The nonprofit structure of Every Cure was deliberate. It allows Every Cure to pursue treatments that lack commercial appeal but could save countless lives. Rather than the one-step-at-a-time drug discovery process, AI creates an opportunity to rapidly understand how already-approved drugs could be effective against other diseases.
Again, what makes David’s vision so powerful is its elegant simplicity. He’s not waiting for breakthrough technologies or billion-dollar research programs to develop entirely new molecules. He knows that the solutions are already here, sitting in pharmacies, with established safety profiles and known mechanisms of action. Drug repurposing uses medicines that are often affordable, widely accessible generics.
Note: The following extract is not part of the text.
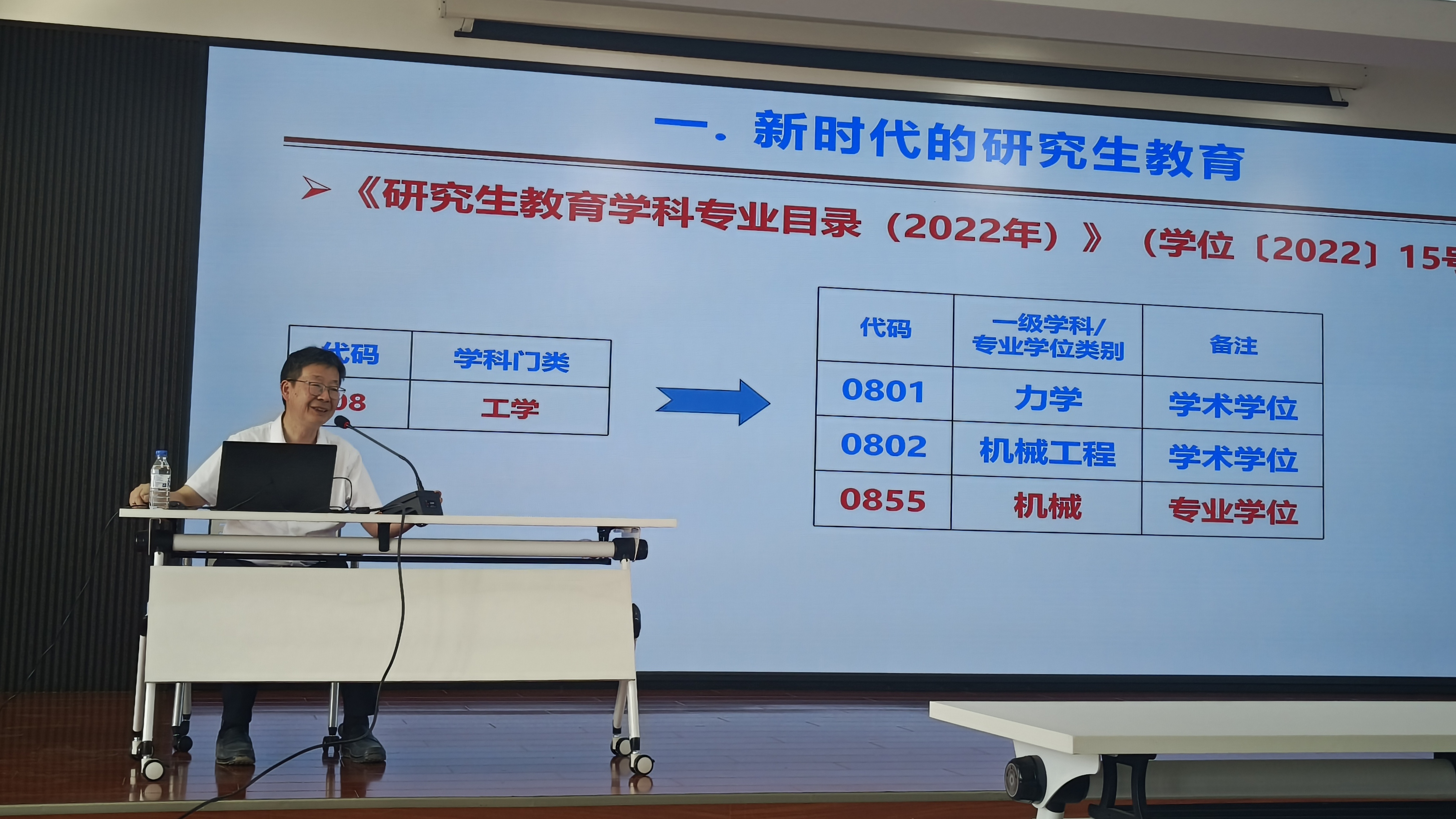 9月13日下午,学院在机械馆八楼会议室举办“开学第一课”活动,院长周晓勤为全体2023级研究生讲授思政课,活动由研究生辅导员曲艺主持。

If Every Cure reaches its goals, it will launch 15 to 25 validated repurposing projects by 2030, shift clinical guidelines, and offer new hope to patients overlooked by the pharmaceutical industry. These are audacious goals. But if anyone has earned the right to set seemingly impossible targets, it’s someone who saved his own life by refusing to accept that there were “no more options.”
Last word
Looking back on that lunch meeting nearly a decade ago, I’m embarrassed by my initial misunderstanding. I thought David needed my help navigating the world. Instead, he was declaring a war against human suffering and he was enlisting soldiers, Fast forward to today and the war rages on, powered by artificial intelligence, sustained by nonprofit mission, and driven by someone who knows exactly what it feels like to need a cure that exists but hasn’t been discovered yet.
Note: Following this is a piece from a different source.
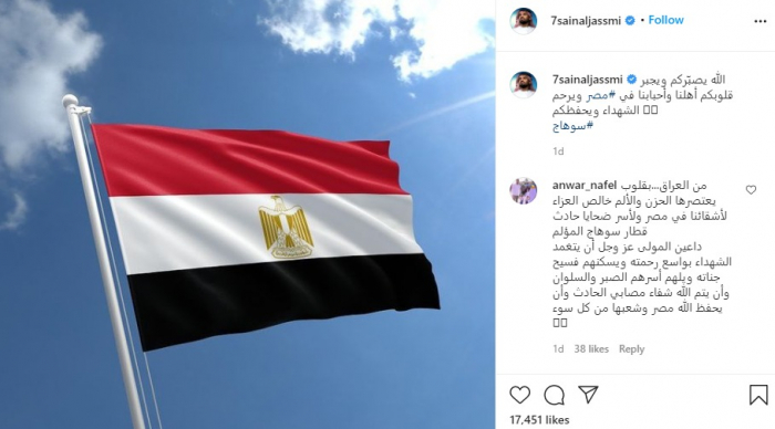ونشر الجسمي، علم مصر، عبر حسابه على إنستجرام، وعلق: "الله يصبّركم ويجبر قلوبكم أهلنا وأحبابنا في مصر، ويرحم الشهداء ويحفظكم.. سوهاج".

There are 14,000 diseases without approved treatments. There are 75 million possible drug-disease pairings to evaluate. And there’s a team led by David, armed with artificial intelligence and refusing to accept that “impossible” means anything other than “not yet done.”
That’s what true leaders do. They don’t ask permission to change the world. They recruit you to help them do it, one repurposed drug, one saved life, one impossible-made-possible at a time.
My New Year’s wish for you is this: be part of something that matters. Be a hero or help a hero.